**PROVIDED MATERIAL**
◆ ◆ ◆ ◆ ◆ ◆ ◆
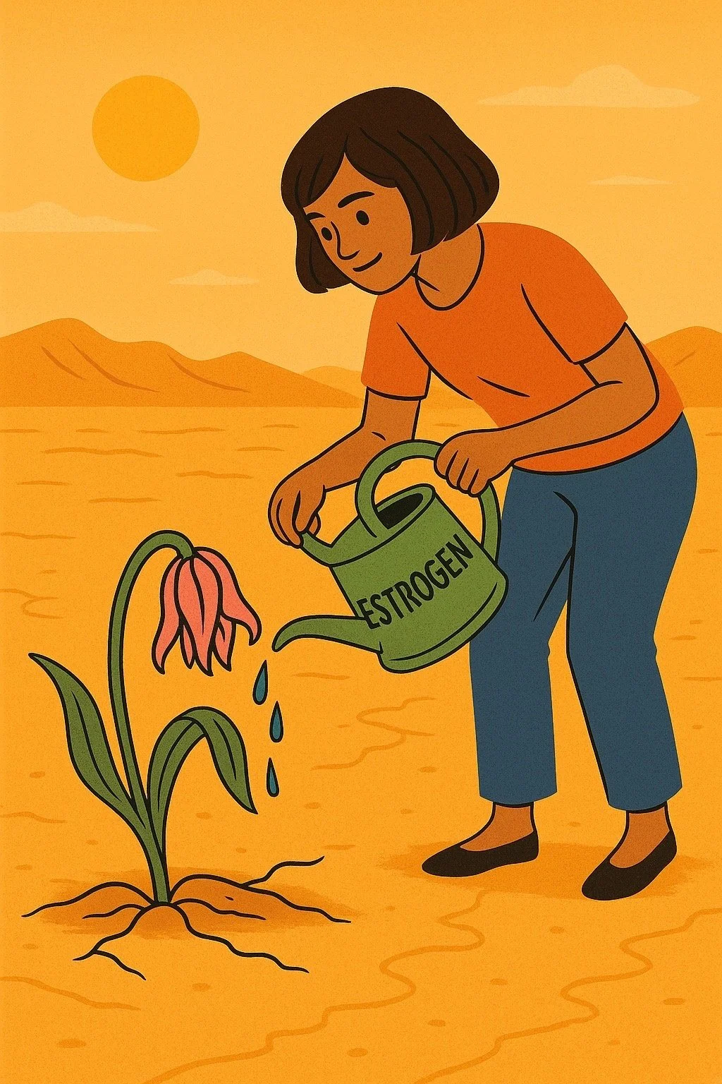 Let’s talk dryness down there. Vaginal atrophy, or genitourinary syndrome of menopause (GSM), happens when declining estrogen levels lead to changes in the vaginal and urinary tissues. Think of estrogen like nutrients for those tissues—when levels drop, it’s like a garden not getting watered. The skin might even become thinner, less elastic, and less able to produce natural moisture. This can make the skin itchy, irritated, and dry, making things like sex, pelvic exams, or even sitting too long uncomfortable. The pH level shifts too, allowing fewer “good” bacteria (like lactobacilli) and more irritation-causing microbes to move in, sometimes leading to infections or recurrent BV-like symptoms.
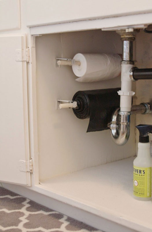 7.- Խոհանոցի լուացարանին տակի պահարանին մէջ հաստատուած ձողին վրայ կարելի է անցընել աղբի կերպընկալ տոպրակներու փաթթոցը:
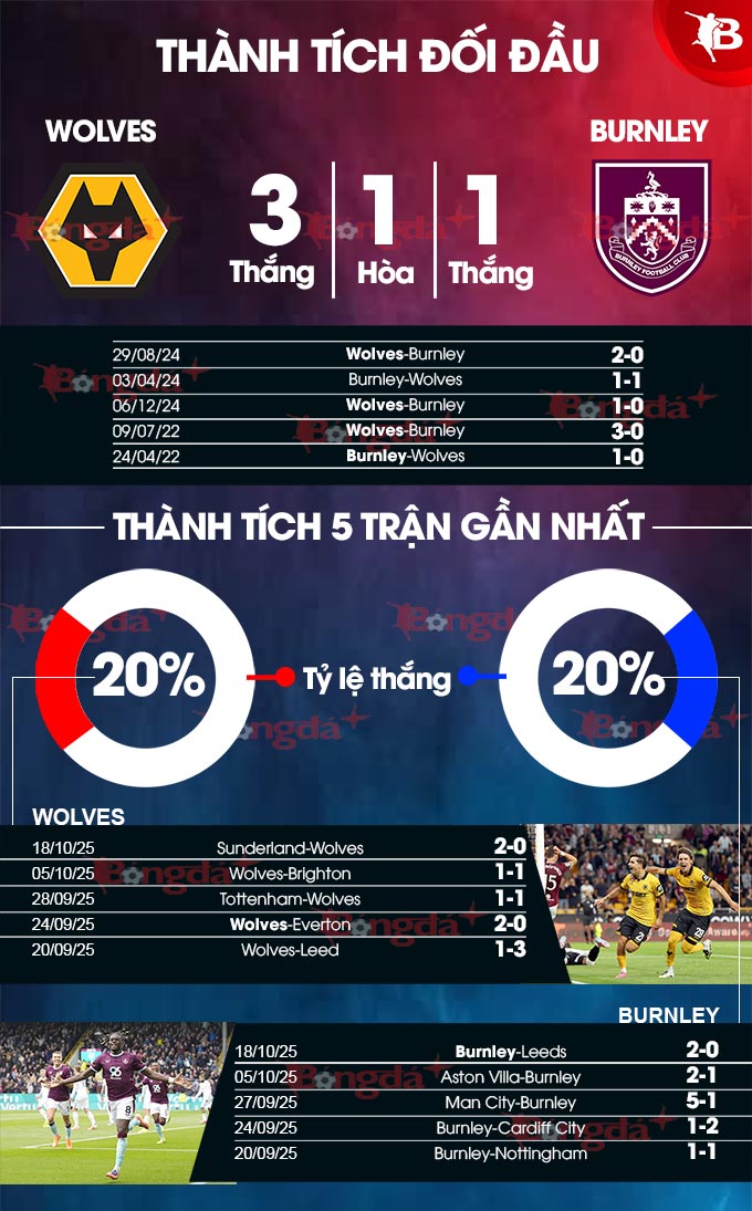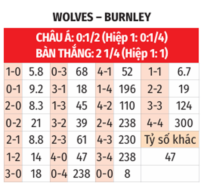 Chiều ngược lại, Burnley toàn thua trên sân khách kể từ khi Ngoại hạng Anh 2025/26 khởi tranh. Chưa hết, thành tích đối đầu giữa 2 CLB gần đây có phần nghiêng về Wolves khi bất bại ở 4 trận so tài vừa qua (thắng 3, hòa 1). Do đó, khả năng, Wolves sẽ có niềm vui.
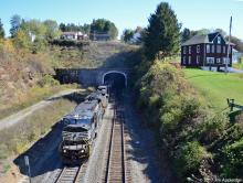 NS 7222 SD80MAC leader exits Allegheny Tunnel westbound with an empty hopper train.
◆ ◆ ◆ ◆ ◆ ◆ ◆
**DIRECTIONS**
Give the data back exactly, omitting all pictures.

**SOLVED EXERCISE**
 Let’s talk dryness down there. Vaginal atrophy, or genitourinary syndrome of menopause (GSM), happens when declining estrogen levels lead to changes in the vaginal and urinary tissues. Think of estrogen like nutrients for those tissues—when levels drop, it’s like a garden not getting watered. The skin might even become thinner, less elastic, and less able to produce natural moisture. This can make the skin itchy, irritated, and dry, making things like sex, pelvic exams, or even sitting too long uncomfortable. The pH level shifts too, allowing fewer “good” bacteria (like lactobacilli) and more irritation-causing microbes to move in, sometimes leading to infections or recurrent BV-like symptoms.
 7.- Խոհանոցի լուացարանին տակի պահարանին մէջ հաստատուած ձողին վրայ կարելի է անցընել աղբի կերպընկալ տոպրակներու փաթթոցը:
 Chiều ngược lại, Burnley toàn thua trên sân khách kể từ khi Ngoại hạng Anh 2025/26 khởi tranh. Chưa hết, thành tích đối đầu giữa 2 CLB gần đây có phần nghiêng về Wolves khi bất bại ở 4 trận so tài vừa qua (thắng 3, hòa 1). Do đó, khả năng, Wolves sẽ có niềm vui.
 NS 7222 SD80MAC leader exits Allegheny Tunnel westbound with an empty hopper train.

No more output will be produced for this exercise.